Фра Роберто привел двоих в маленькую часовню. Помещение освещали три свечи, их слабое мерцание рождало тени, дрожавшие от далеких ударов. На стене блестела икона. Подобно самой часовне, она выглядела неуместной и несвоевременной в час войны.
Священник почувствовал это несоответствие.
— Мы собрались здесь пред лицом Господа. Но Ему самому лучше убраться отсюда подальше.
— Он уже ответил на наши молитвы, фра Роберто. — Мария прижалась к Кристиану. — Господь улыбнулся нам, вернул друг другу.
— Ему еще предстоит вернуть вам разум, миледи.
Девушка рассмеялась.
— Миновали те недели, когда я увидела достаточно горя и познала бесценность человеческой жизни. Мы жаждем лишь разделить минуты счастья пред лицом смерти.
— И ждать вы не хотите?
— Не ждет время.
Гарди взял Марию за руку и взглянул на священника:
— Сегодня ночью по приказу великого магистра я отправляюсь в Мдину.
— У Ла Валетта есть на то причины.
— Он полагает, что Биргу и Сенглеа не выдержат, и хочет, чтобы старый город стал оплотом в борьбе с турками.
— Оплотом? Его древние стены разваливаются, охранять их некому, а население к осаде не готово. Город, несомненно, падет в руки Мустафы-паши.
— Его судьба не известна никому.
— Кроме меня. Я прочел ее на камнях, на стволе старинной пушки. Да я сам без всяких усилий не раз пробивался через укрепления Мдины.
— Ты страшнее любого языческого захватчика.
— Что же я должен думать, Кристиан? Ты очаровываешь меня. Женишься на Марии и покидаешь нас.
— Не покидаю, фра Роберто. Я лишь получил возможность уколоть сарацин в мягкое место, отвлечь их и выманить.
— Какая самонадеянность!
— Порожденная отчаянием. В Сент-Эльмо османы дорого заплатили за наши жизни, и в Мдине мы можем повторить успех.
— А если не удастся? Если мы падем?
— Вы хотя бы встретите Всевышнего с мечом в руке, устами проклиная сарацин.
— А как же ты?
— Я получу то, чего желал больше всего, — стану мужем возлюбленной.
— Безумие молодости…
Мария подошла к священнику и легонько коснулась его исполинского плеча.
— Безумие наше пришлось ко времени, фра Роберто.

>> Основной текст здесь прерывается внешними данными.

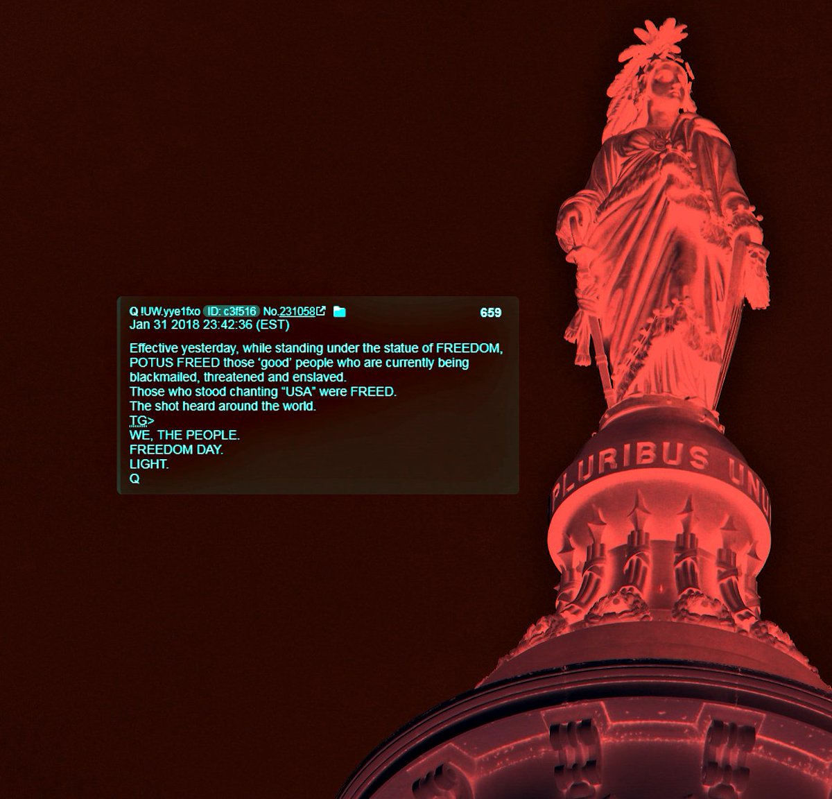 - (14) On the SOTU, POTUS freed those good people who were held hostage by the bad players. #QAnon #TheStorm #GreatAwakening #AskTheQ @POTUS

Даже среди расколотых и расплавленных камней Сент-Эльмо наша любовь цвела.
— Отчасти в том есть и моя вина. — Фра Роберто покачал головой. — Миром ли окруженные, войной ли, и в счастье и в горести вы будете неразлучны.
— Страсть превозможет любые осады, переживет нас самих.
— Тогда, возрадуясь душой, сей летней ночью, что горячей адской печи, мы станем свидетелями союза красавца пирата и благородной дамы.
— Мы готовы.
— Я вернусь, мавр.
Друг Кристиана молча стоял у погрузочной лебедки на берегу у подножия Сент-Анджело. Здесь, за гигантской защитной цепью, растянутой между фортом и Сенглеа, ощущалась неуловимая свобода и поджидала очевидная опасность. Здесь пролегла внешняя граница христианских владений. Каждые несколько секунд над головой со свистом проносились ядра турецких батарей, паливших перекрестно с горы Скиберрас и мыса Виселиц. Изредка рассеянный свет или вспышка выхватывали из темноты силуэты галер, рыскавших в Большой гавани. Гарди направлялся на их территорию.
— Не печалься за меня, друг.
— Если только ты будешь осторожен, Кристиан Гарди.
— Всего час назад я женился, мавр. И собираюсь остаться в живых.
— Но тебе предстоит переплыть залив в лодке из воловьих шкур. Турецкие корабли многочисленны, а ты один.
— В этом наша сила и наша хитрость. Мы всего лишь одно судно из множества, что перевозят грузы для галер, снуют среди кораблей. Если Пиали и его флот нерасторопны днем, то ночью и вовсе безвредны.
— Надеюсь, ты прав. — Мавр склонился и поднял корзину, а затем вручил ее Гарди. — Если ты ошибся, это поможет ослепить врагов, посеять панику.
— Твоя взрывчатка уже выручала меня прежде.
— Быть может, спасет и теперь. Это лучшее из моих творений. Способно разогнать облака на небесах. Увидевший его вспышку ослепнет.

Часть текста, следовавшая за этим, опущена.